Division of Viral Infection, Department of Infectious Disease Control, International Research Center for Infectious Diseases, The Institute of Medical Science, The University of Tokyo, 4-6-1 Shirokanedai, Minato-ku, Tokyo 108-8639, Japan.
J Virol. 2011 Sep;85(18):9599-613. doi: 10.1128/JVI.00845-11. Epub 2011 Jul 6.
Us3 is a serine-threonine protein kinase encoded by herpes simplex virus 1 (HSV-1). We have identified UL47, a major virion protein, as a novel physiological substrate of Us3. In vitro kinase assays and systematic analysis of mutations at putative Us3 phosphorylation sites near the nuclear localization signal of UL47 showed that serine at residue 77 (Ser-77) was required for Us3 phosphorylation of UL47. Replacement of UL47 Ser-77 by alanine produced aberrant accumulation of UL47 at the nuclear rim and impaired the nuclear localization of UL47 in a significant fraction of infected cells. The same defect in UL47 localization was produced by an amino acid substitution in Us3 that inactivated its protein kinase activity. In contrast, a phosphomimetic mutation at UL47 Ser-77 restored wild-type nuclear localization. The UL47 S77A mutation also reduced viral replication in the mouse cornea and the development of herpes stromal keratitis in mice. In addition, UL47 formed a stable complex with Us3 in infected cells, and nuclear localization of Us3 was significantly impaired in the absence of UL47. These results suggested that Us3 phosphorylation of UL47 Ser-77 promoted the nuclear localization of UL47 in cell cultures and played a critical role in viral replication and pathogenesis in vivo. Furthermore, UL47 appeared to be required for efficient nuclear localization of Us3 in infected cells. Therefore, Us3 protein kinase and its substrate UL47 demonstrated a unique regulatory feature in that they reciprocally regulated their subcellular localization in infected cells.

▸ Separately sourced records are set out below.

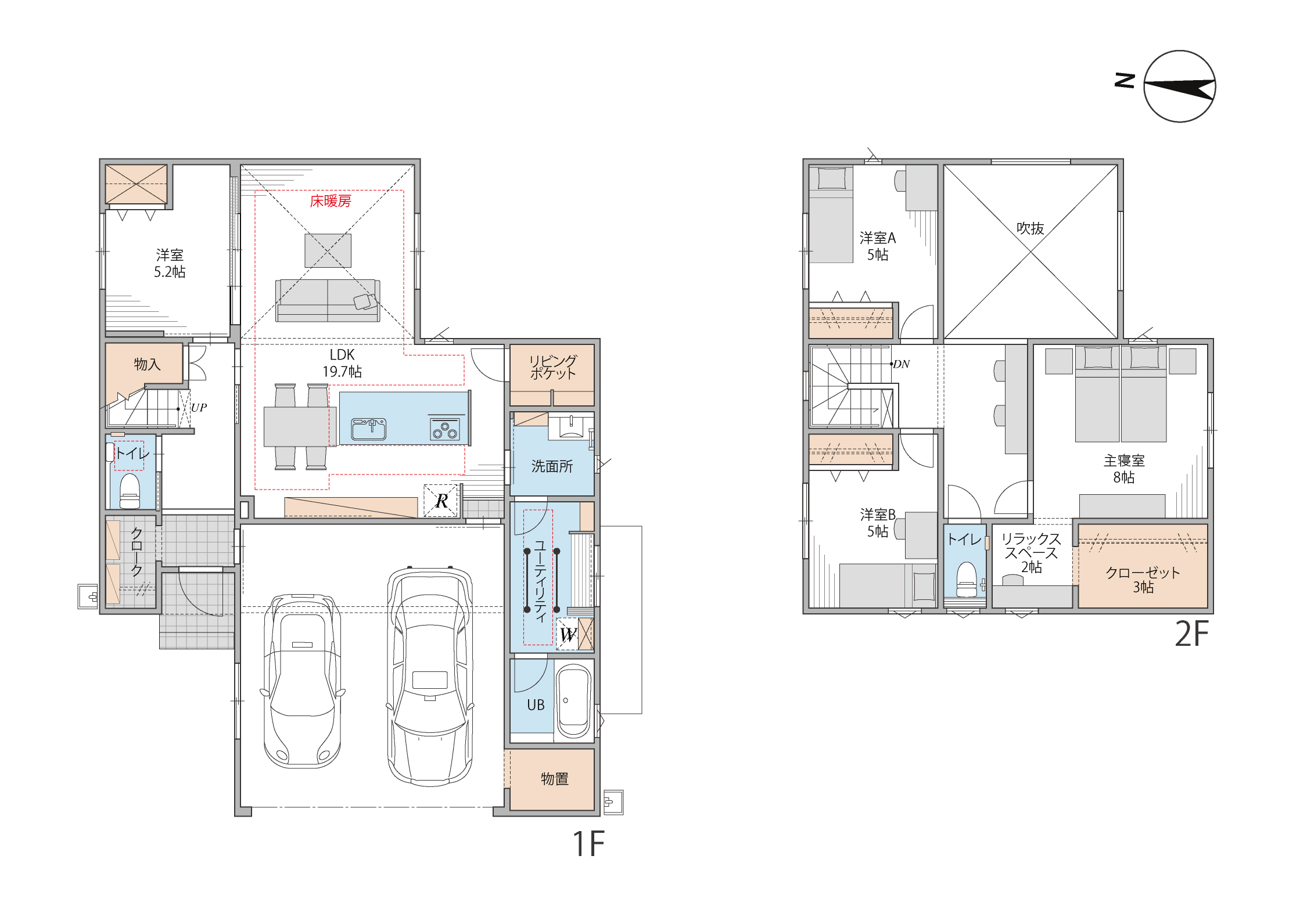 ❶ 外を通らずに室内へ出入りできる、北陸の冬には欠かせない便利なインナーガレージ。 ❷ 大きな吹抜けのあるLDKと洋和室を繋げて使えば、さらにゆとりの空間に。 ❸ LDKの広範囲に施行された床暖房。北陸の寒い冬も足元から暖かく快適に過ごせます。 ❹ リビングポケットや玄関クローク、ガレージ内の物置など各所の充実した収納で家中片付けやすく◎
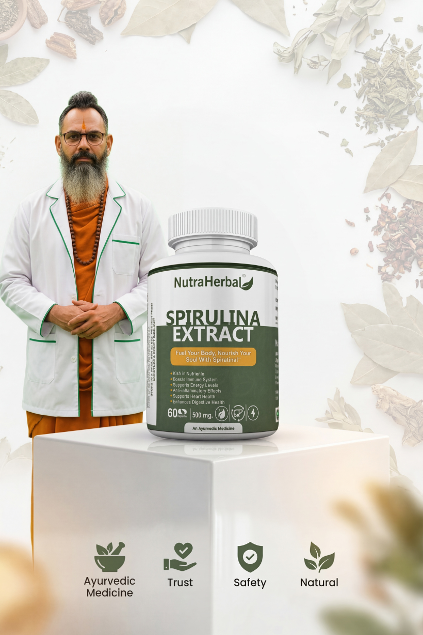 Regular use of NutraHerbal Spirulina Extract Capsules helps boost energy levels, immune strength, digestion, metabolism, and heart health, while also supporting natural detoxification by removing toxins from the body. The high chlorophyll content promotes oxygen flow and improves overall vitality.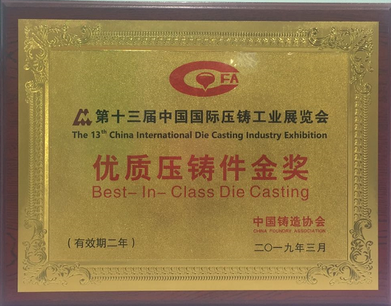 In order to showcase the R&D, manufacturing andtechnological innovation strength of die-casting products for die-castingenterprises, China Casting held the “Gold Award for Quality Die Castings”.During the exhibition, the company exhibited high-tech automotive aluminumalloy die-casting parts and participated in the “Quality Die Casting GoldAward” selection activity. Among them, our company and the new energy vehiclecustomers simultaneously designed and produced the automotive structural partsleft/right front side beams. After the complexity of the product constructionand the exquisite workmanship of the die-casting process, it was highlyrecognized by the judges and experts, and once again won the "Gold Awardfor Quality Casting". The company has won this honor for eight consecutiveyears.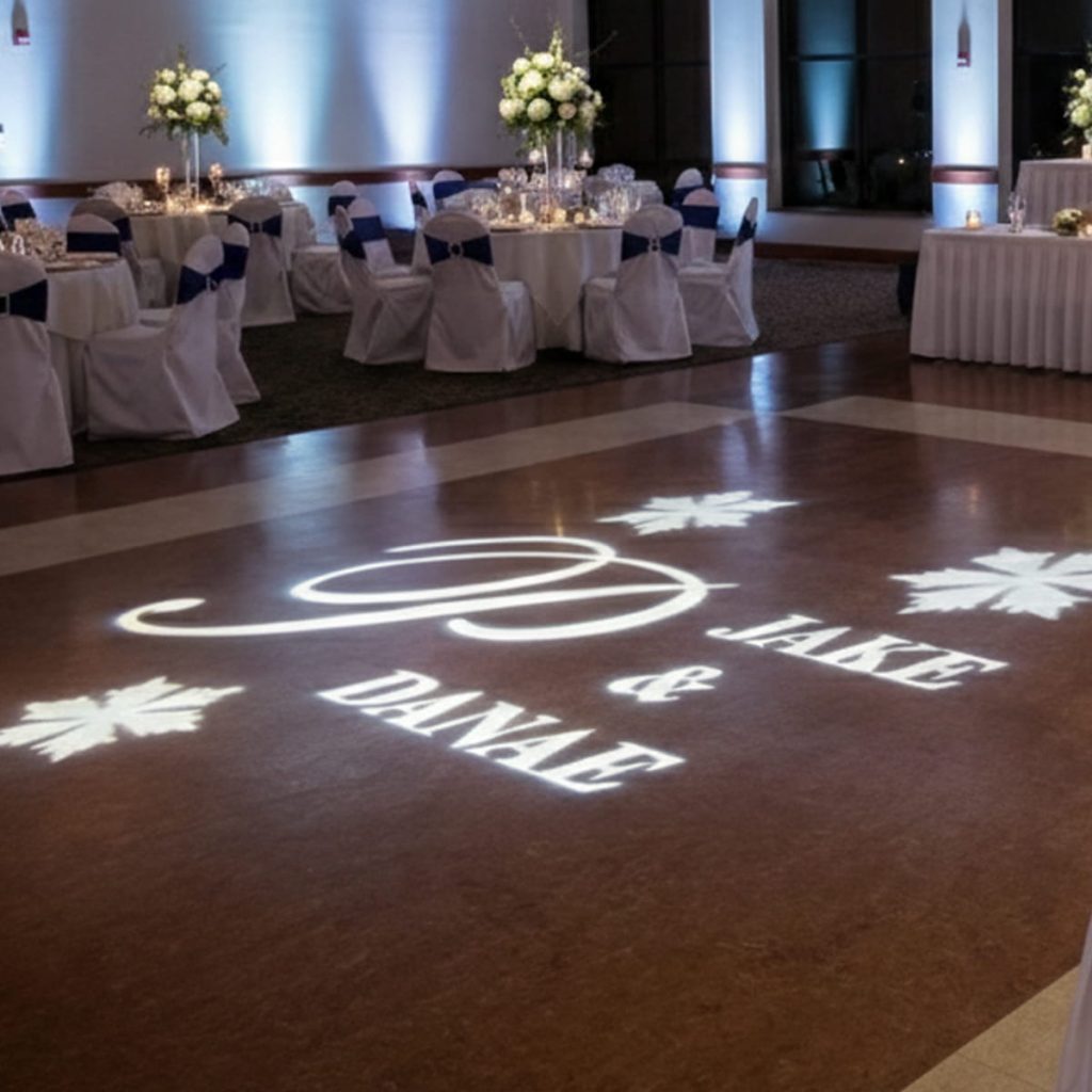 We use premium LED fixtures with crisp focus, adjustable zoom, and high output. Our wedding gobos make photography-friendly lighting.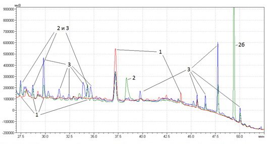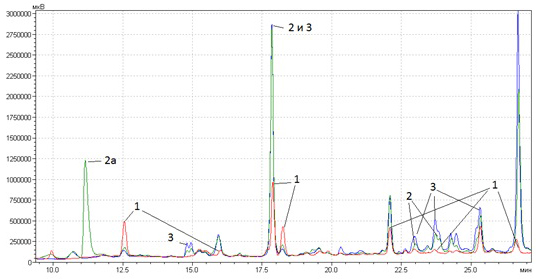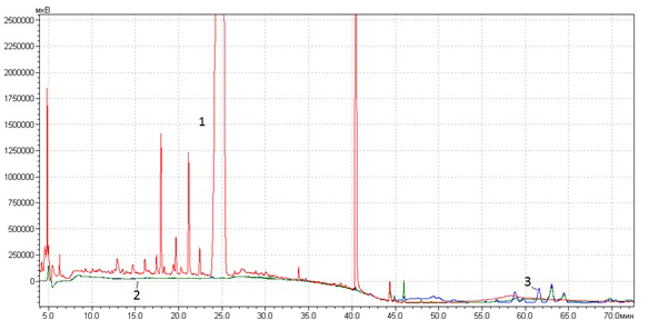 Рис. 3б. Хроматограмма малополярных соединений ромашки (Chamomilla recutita L.) различных производителей: 1 – Symrise (Германия), 2 – 2Д-Фарма (Россия), 3 – Завод эндокринных ферментов (Россия).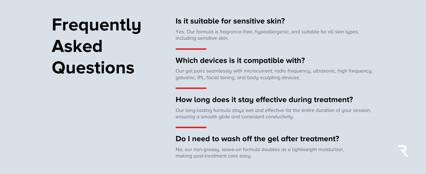 Conductive gel compatible with RF, microcurrent, cavitation, ultrasonic, IPL, and galvanic devices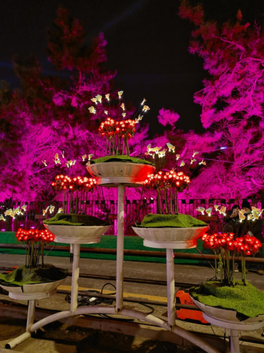公园东门两侧花坛插装红色康乃馨并配上灯光蝴蝶,盛世花开,蝶伴花飞,春回大地,生机盎然。
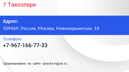 7 Таксопарк по адресу 109469, Россия, Москва, Новомарьинская, 18 в дальнейшем Организация, размещена в следующих категориях: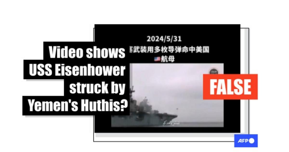 The video circulated shortly after Yemen's Huthi rebels claimed that they had launched a missile attack on the US aircraft carrier the USS Dwight D. Eisenhower in the Red Sea on May 31, 2024. Washington has not confirmed the aircraft carrier was targeted.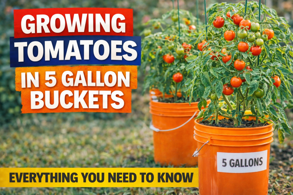 A 5 gallon bucket is one of the most underrated tomato containers available. Here is the complete setup guide — varieties, soil, watering, feeding, and the mistakes that kill bucket tomatoes fast.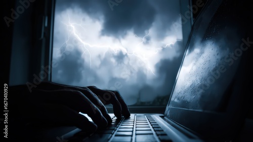© husyaima, Obraz premium Silhouette Hands Typing On Laptop During Stormy Night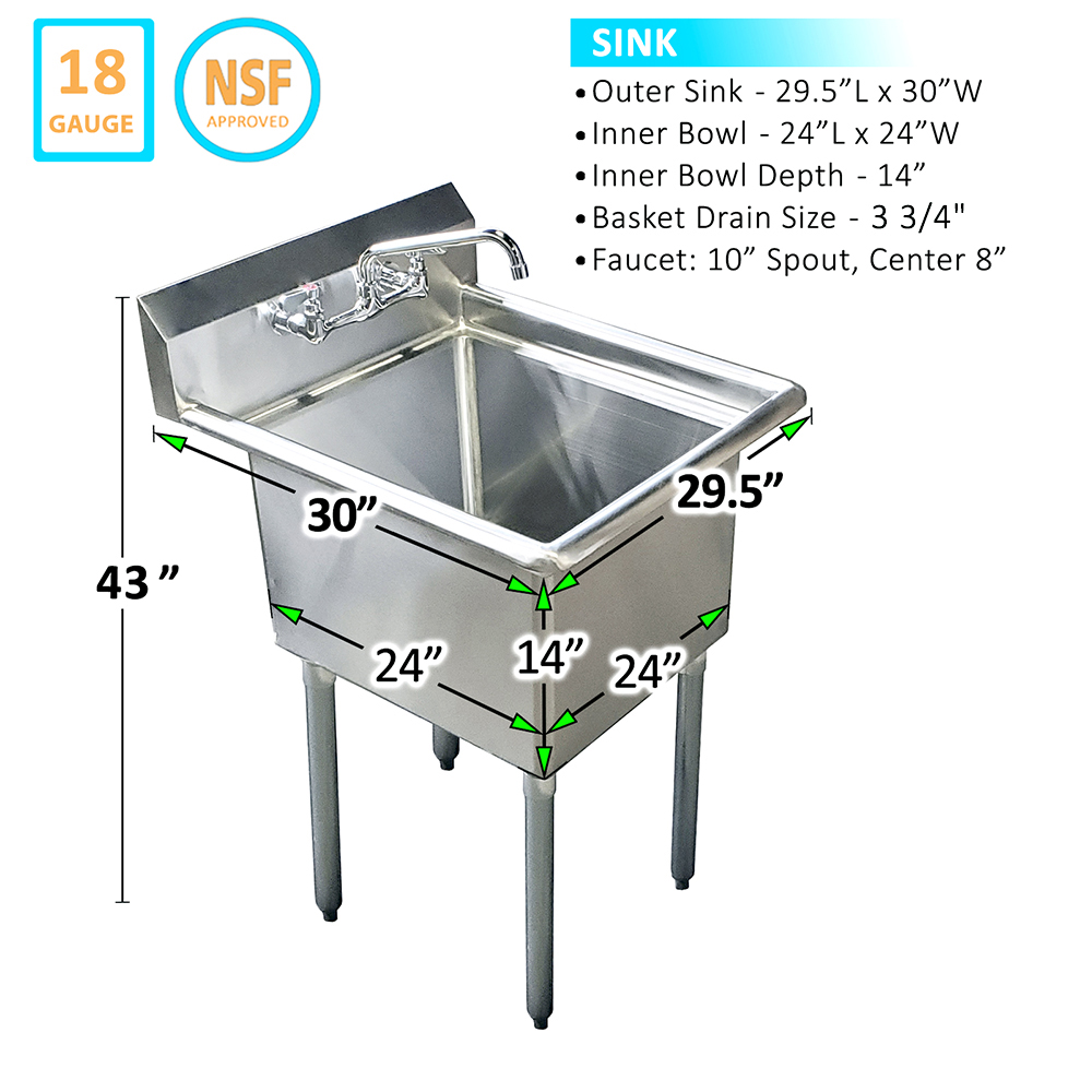 Whether you are upgrading your current setup or outfitting a new space, the 24″ X 24″ One Compartment Stainless Steel Prep & Utility Sink with Faucet is an excellent choice that combines practicality, durability, and style. Elevate your workspace with this qualty sink, designed to meet the demands of any busy commercial environment while providing flexibility and efficiency for all your prep and utility needs.
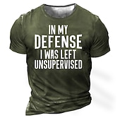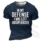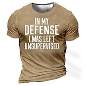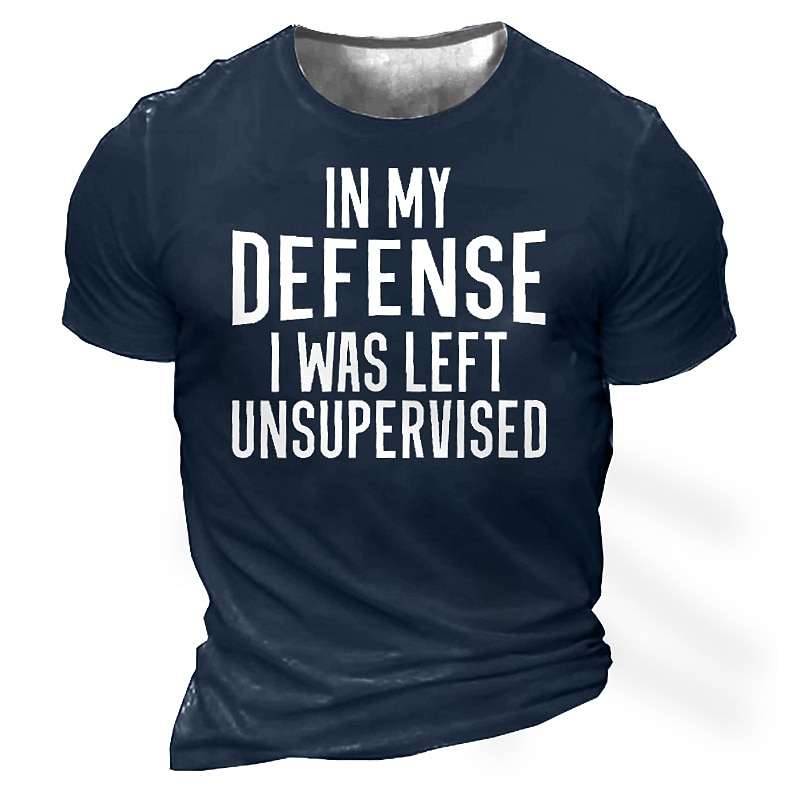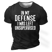 Highlights [Fabric] This men's plus size t-shirt is crafted from a high-quality polyester fabric that provides a micro-elastic, comfortable, and breathable fit, making it ideal for daily wear during the summer months. [Fit] Designed with a regular fit, this t-shirt offers both style and ease of movement, perfect for big and tall individuals. The crew neck and short sleeves contribute to its versatile and timeless appeal. [Design Highlights] The standout feature of this t-shirt is its eye-catching 3D graphic print with a humorous letter design saying "IN MY DEFENSE I WAS LEFT UNSUPERVISED." This clever print adds a playful touch to your casual wardrobe. Available in a variety of colors like Black, Dark Gray, Navy Blue, Army Green, and Khaki, the t-shirt is sure to fit any personal style. [Occasions] Perfect for a variety of occasions, this t-shirt is suitable for street wear, holidays, daily activities, and outdoor events. Whether you're lounging at home or heading out for a casual outing with friends, it adds a stylish twist to any outfit. [Size Range] This t-shirt is available in plus sizes, ranging from XL to 5XL, catering to the needs of big and tall customers and ensuring a comfortable fit for everyone.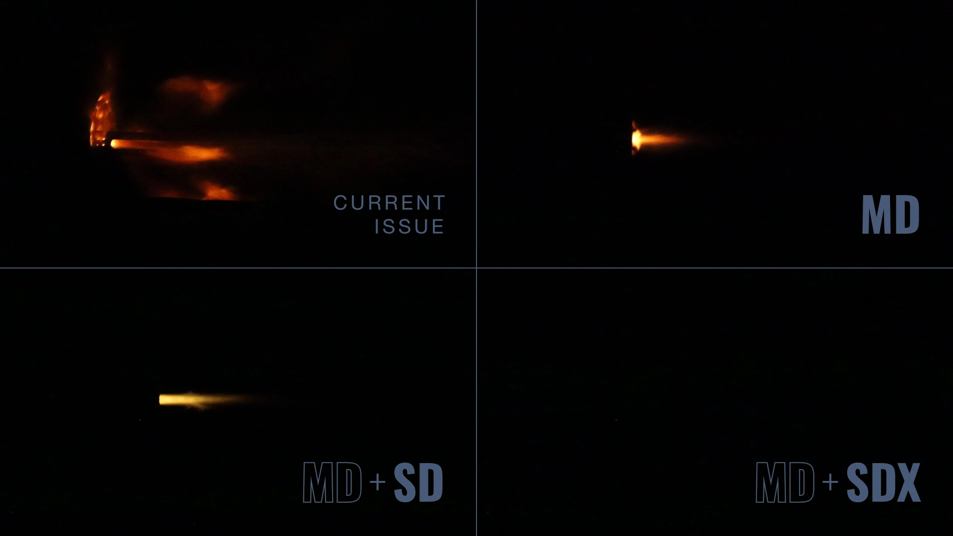 Comparing the visual flash signature of the current issued flash hider versus the MFMD-5.56-0.0-MD-1/2X28 system in each available configuration: MD only, MD+SD, and MD+SDX.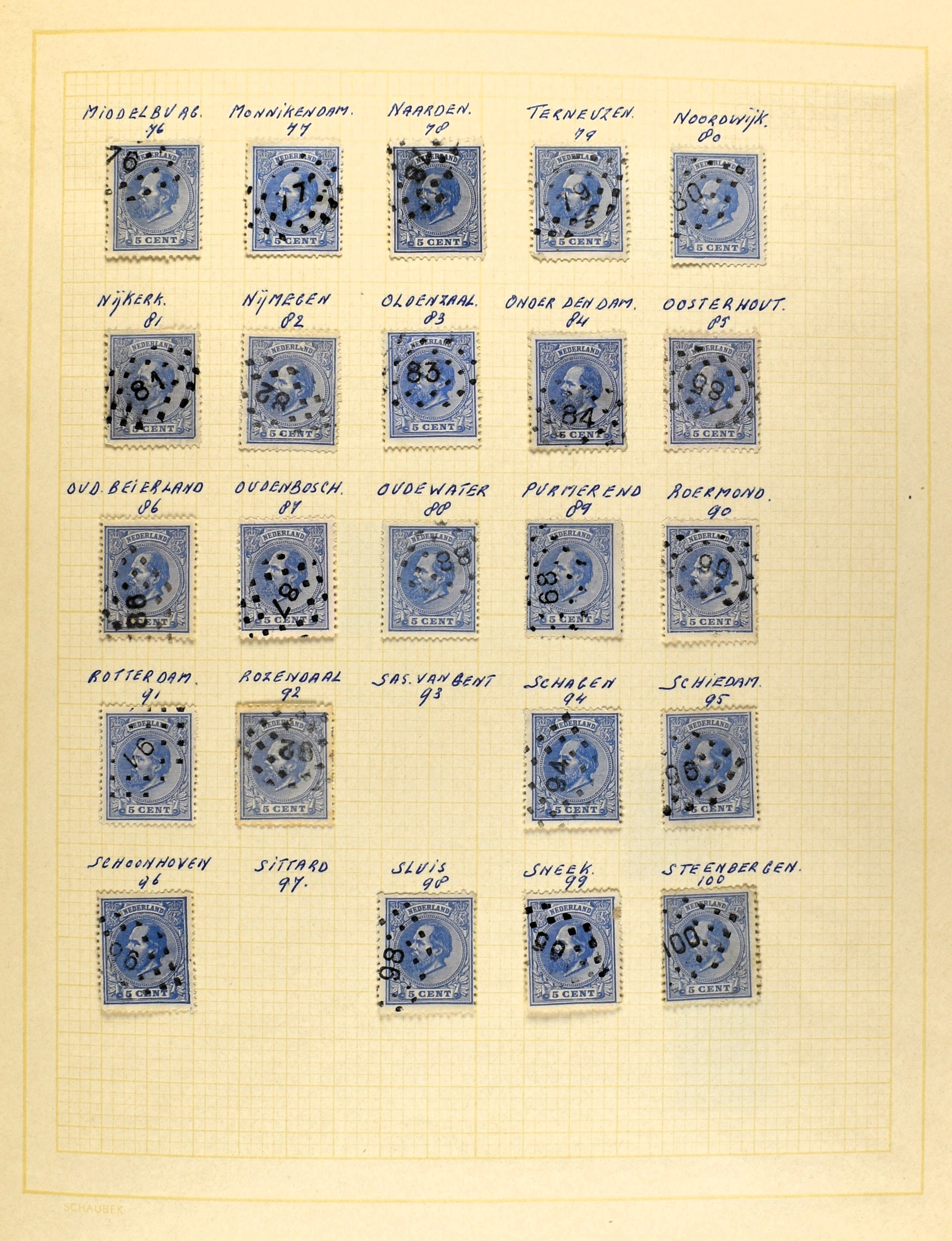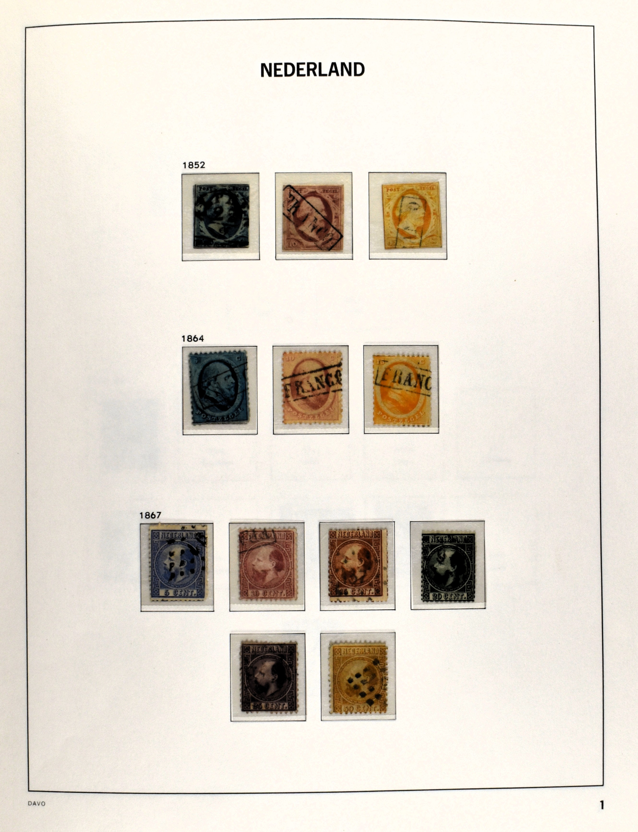 NEDERLAND EN O.G.D. 1852-2013, o/*/** verzameling in 10 albums en 3 mapjes waarbij Nederland tot 2003 met aardige afstempelingen (puntstempels) maar zonder echte 'top'-nummers, Nederlands-Indie met 149/59 en BK1/7, Curacao met 104/20 en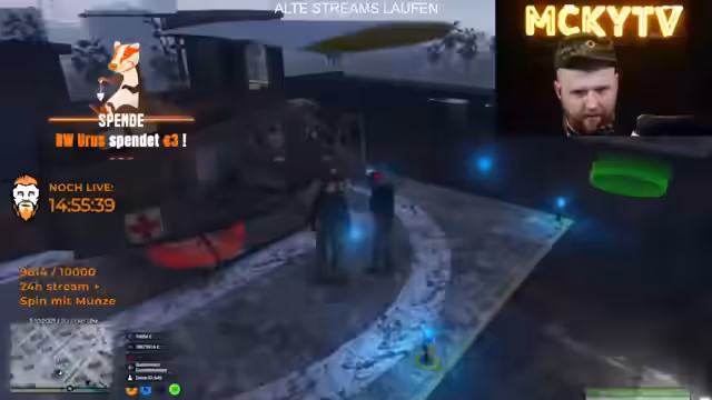 14:03:17Der Streamer beschreibt die Inspektion eines Helikopters und bemängelt den Zustand des Cockpits. Es werden Mängel wie ein muffiger Geruch und Verunreinigungen festgestellt, die beseitigt werden müssen. Nach einer gründlichen Reinigung werden Probleme mit dem Helikopter wieder deutlich, als dieser nicht mehr startet. Der Streamer entscheidet sich, zu Fuß weiterzugehen und wird dabei von seinem Assistenten begleitet. Nach einigem Suchen erreichen sie das Ziel.

Us3 是单纯疱疹病毒 1(HSV-1)编码的丝氨酸/苏氨酸蛋白激酶。我们已经鉴定出 UL47,一种主要的病毒蛋白,是 Us3 的一种新型生理底物。在体外激酶测定和对 UL47 核定位信号附近假定的 Us3 磷酸化位点的突变的系统分析表明,残基 77 处的丝氨酸(Ser-77)是 Us3 磷酸化 UL47 所必需的。用丙氨酸取代 UL47 的 Ser-77 会导致 UL47 在核边缘异常积累,并使相当一部分感染细胞中的 UL47 核定位受损。在 Us3 中产生失活其蛋白激酶活性的氨基酸取代也会产生 UL47 定位的相同缺陷。相比之下,UL47 Ser-77 的磷酸模拟突变恢复了野生型核定位。UL47 S77A 突变还降低了小鼠角膜中的病毒复制和小鼠疱疹性基质性角膜炎的发展。此外,UL47 在感染细胞中与 Us3 形成稳定复合物,并且在没有 UL47 的情况下,Us3 的核定位明显受损。这些结果表明,Us3 对 UL47 Ser-77 的磷酸化促进了 UL47 在细胞培养中的核定位,并在体内病毒复制和发病机制中发挥了关键作用。此外,UL47 似乎是 Us3 在感染细胞中有效核定位所必需的。因此,Us3 蛋白激酶及其底物 UL47 表现出独特的调节特征,它们在感染细胞中相互调节其亚细胞定位。